→ Data for this task

--------------------

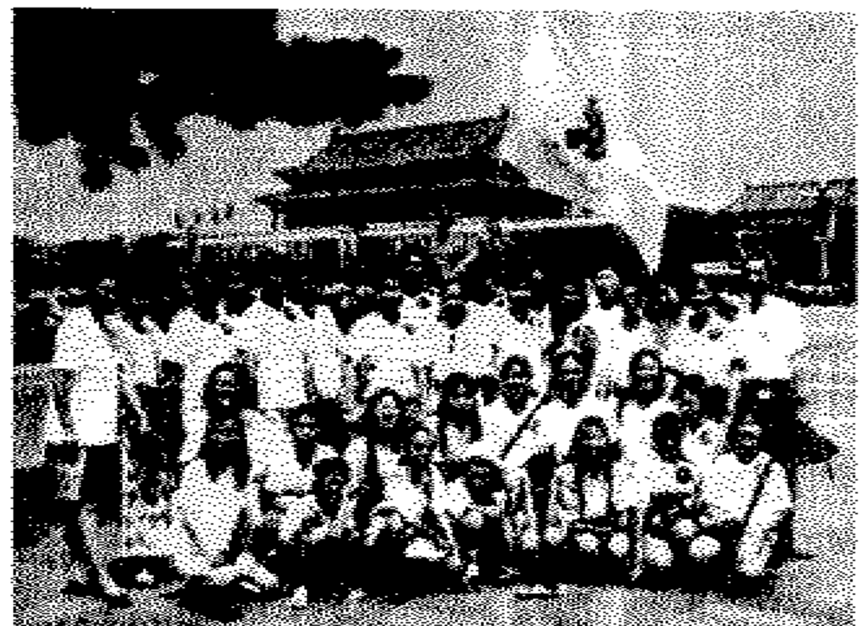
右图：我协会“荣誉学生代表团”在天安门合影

--------------------

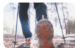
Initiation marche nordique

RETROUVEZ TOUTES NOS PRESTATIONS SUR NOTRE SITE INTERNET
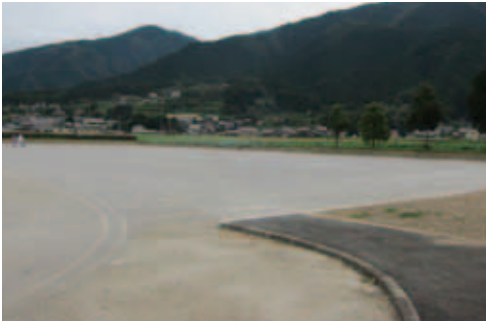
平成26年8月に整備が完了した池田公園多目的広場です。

--------------------

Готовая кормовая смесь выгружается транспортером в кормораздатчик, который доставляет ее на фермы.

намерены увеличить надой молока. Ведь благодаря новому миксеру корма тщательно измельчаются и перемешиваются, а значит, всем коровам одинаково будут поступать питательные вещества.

--------------------

→ Exercise directions
Pictures in the material above should be skipped; print exactly the lines from the one with "Initiation marche nordique" through the one with "平成26年8月に整備が完了した池田公園多目的広場です。".

→ Written solution
Initiation marche nordique

RETROUVEZ TOUTES NOS PRESTATIONS SUR NOTRE SITE INTERNET
平成26年8月に整備が完了した池田公園多目的広場です。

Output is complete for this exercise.